When I was in second grade, my mom took a day off work and drove me up to Culver City to try out for a game show. Child’s Play. This was an event (the part about her taking the day off).
For those not paying attention back in 1983, here’s the premise of the show. Producers gave children ranging from six to nine years old a word and filmed them trying to provide its definition. Adults then guessed what word the kids were slathering with adorably saccharine kid logic. A live studio audience in early 80’s finery provided the requisite response scale to register the cuteness.
Anyone who knew me at eight understands why my getting on the show seemed like a good bet. I mean, I read the dictionary for fun when I was six and was a clown. If ever there was television show tailored to my skill set, this was it (or maybe Beat the Geeks).
Of course I didn’t get on the show. Of course, hindsight says that was a good thing.
I remember two things most clearly about the audition. First, there was a lag between when I arrived and when they pulled a group in to screen test us. The whole time we waited, the other kids practiced various facial expressions over and over, the adults with them judging their performances with what I thought was unusual harshness. I remember one girl pouting and flipping her hair about a dozen times, each repetition met with her mother shaking her head and telling her to try again.
Meanwhile, I was reading Stephen King.
And then we got called into the room, where I experienced the verbal equivalent of being elbowed in the throat repeatedly by the thirstiest group of never-gonnabes I’ve ever been around.

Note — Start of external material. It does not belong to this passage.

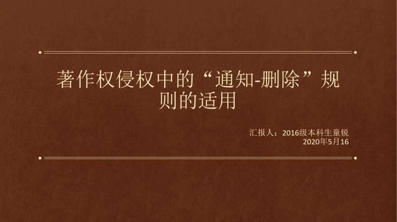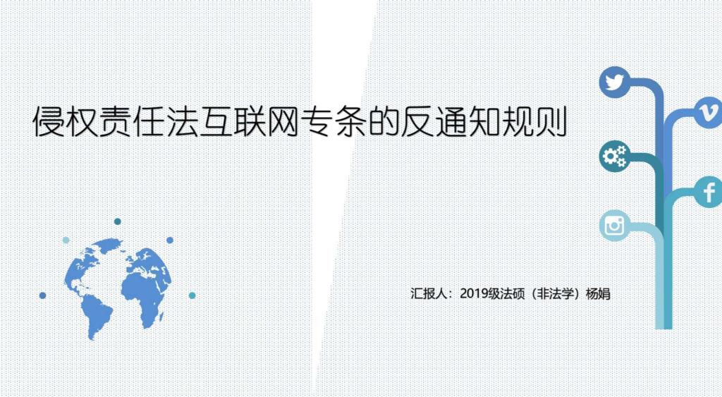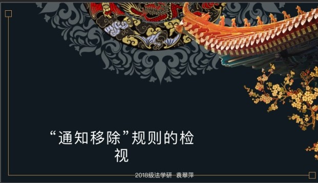 接着,在主报告人分享环节,公司2019级硕士研究生杨雨晴、2016级本科生童锐、2018级本科生袁翠萍、2016级本科生刘斯宇以及2019级硕士研究生杨娟依次分享了各自对通知删除规则的理解及观点。杨雨晴同学以“通知删除规则的诞生与实践困境”为题分别阐述了通知删除规则的产生、基于实证分析的实践困境两个问题,总结了通知删除规则虽在运行实践中产生出较多困境,但较之诉讼,其仍为权利人提供了更为廉价便捷的维权替代方案。童锐同学以“著作权侵权中的‘通知-删除’规则的适用”为题,介绍了通知删除规则的产生及在我国的引入,说明了通知删除规则在著作权侵权中的适用,还提出了完善该规则在实践中运用的建议。袁翠萍同学以“‘通知移除’规则的检视”为题,首先介绍了Jennifer Urban教授和Brianna Schofield教授通知移除规则实证分析的结论,随后对比BruceBoyden教授对此的不同观点,并结合我国学者的分析、欧盟相关政策的实施以及美国通知删除规则的最新发展,详细地阐述了通知删除规则在实践中的运行情况。刘斯宇同学以“‘通知-删除’规则在我国的适用与修正”为题,以“小程序案”与“阿里云案”为例,介绍了对我国通知删除规则在司法实践中的发展。杨娟同学以“侵权责任法互联网专条的反通知规则”为题,在介绍了DMCA中反通知规则之后,结合对《侵权责任法》第36条的理解,提出了该条款可以延伸解释出包含了反通知规则。

Hair flip girl literally leaned in front of me to intercept a word the producer sent my direction.
Finally, the guy said Let’s let Mike have a turn and lobbed three words at me. I sent the correct definitions back like Serena Williams coming to the net and that was that. On the way out of the room, the producer shook my hand and said, “Sorry kid, but you’re too right. We need a little more creative space in your answers.”
I remember feeling like I’d let Mom down when I told her what happened, but she just shook her head and responded like she always did.
“That’s just stupid. I’d rather have a son who gets it right than one who gets on camera pretending to be wrong.”
She took me to lunch and the rest of the day was one of the rare ones we got to spend just the two of us.